Modernizing California’s Electric Grid With DERs Focus of New Proceeding

A new rulemaking launched by the California Public Utilities Commission (CPUC) in late June will allow regulators to take a closer look at modernizing the electric grid in anticipation of a wave of distributed energy resources (DERs). The Commission’s goal is to develop a framework that will improve the integration of DERs into the California grid, including solar, storage and electric vehicle charging.

At present, unreliability of the grid can be traced to wildfires and, in some cases, the lack of generation due to the state’s forced transition from fossil fuel generation under the state’s decarbonization effort. The expansion of the DER sector, while posing problems for distribution planning and demand management, also offers opportunities for large and industrial end users, providing more flexibility while increasing resiliency and reliability.

DERs could also play a valuable role in local reliability. Mostly seen as a way to reduce load, DERs may present an opportunity to provide supply from behind the meter. DERs are anticipated to reach a total installed capacity of 387 GW by 2025, according to research cited by the CPUC.

For industrials, improvements in local reliability will be a major draw. Currently, electric utilities rely heavily on demand response, where large customers are paid to reduce their energy usage during times of short supply and may require facilities to shut down or curtail production in order to reduce energy use.

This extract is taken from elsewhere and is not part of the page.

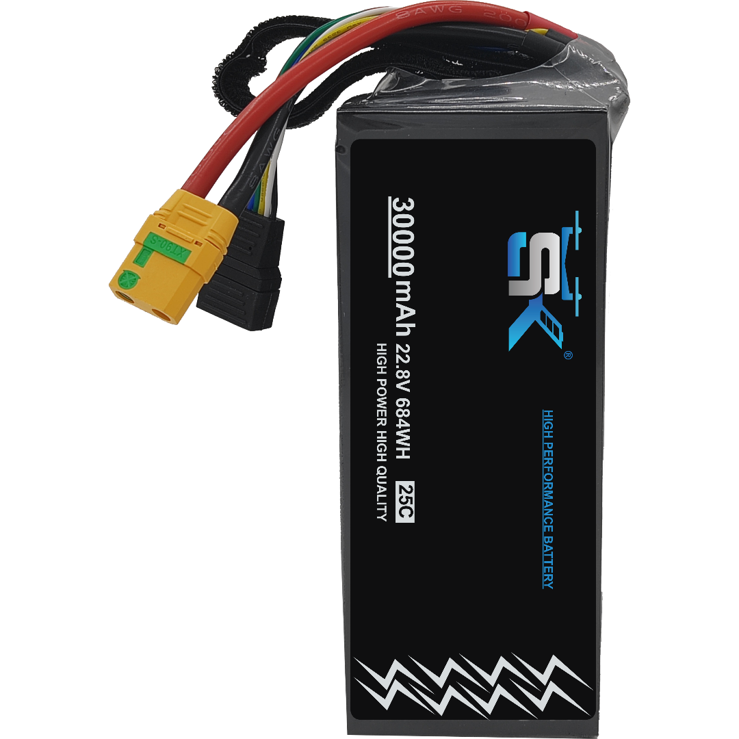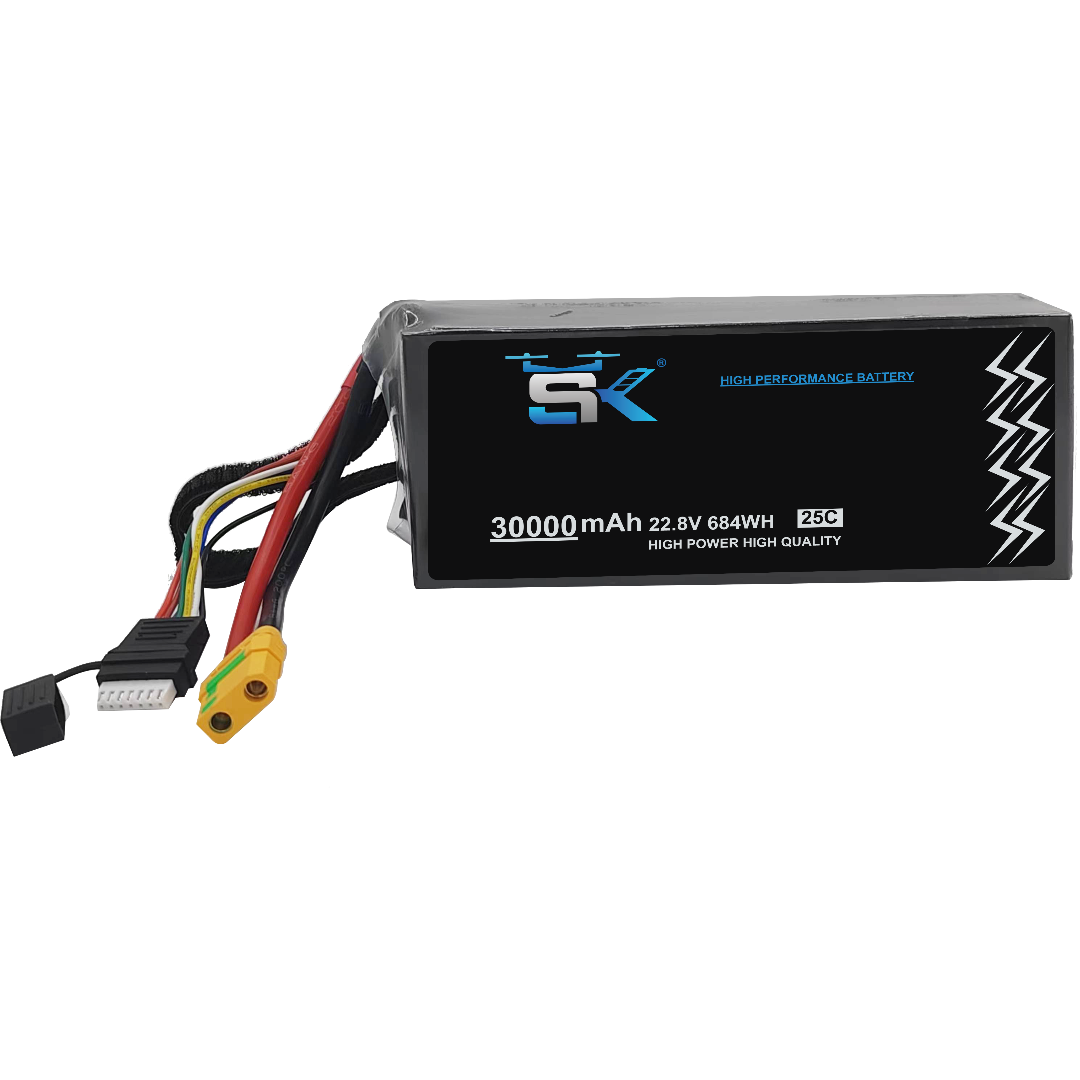 The SK 30000mAh 6S 25C 22.8V LiHv Soft Pack Battery is a next-generation high-performance power solution engineered for professional UAV platforms that require maximum endurance, stable voltage output, and reliable high-load performance. Built with advanced LiHv technology, this pack delivers a massive 30000mAh capacity, enabling significantly longer flight durations—perfect for long-range surveys, agricultural mapping, inspection missions, heavy-lift drones, and multi-rotor endurance flights.

But an increase in DERs comes with a price. It will cut into utility service to customers with the usual impacts on electric rates and utility ratepayers. As more businesses, and possibly wealthier residential ratepayers, invest in DERs, regulators will need to figure out who is going to pay for the system that is left behind. Reallocation of those costs to protect low-income ratepayers is expected to be a major issue in the proceeding.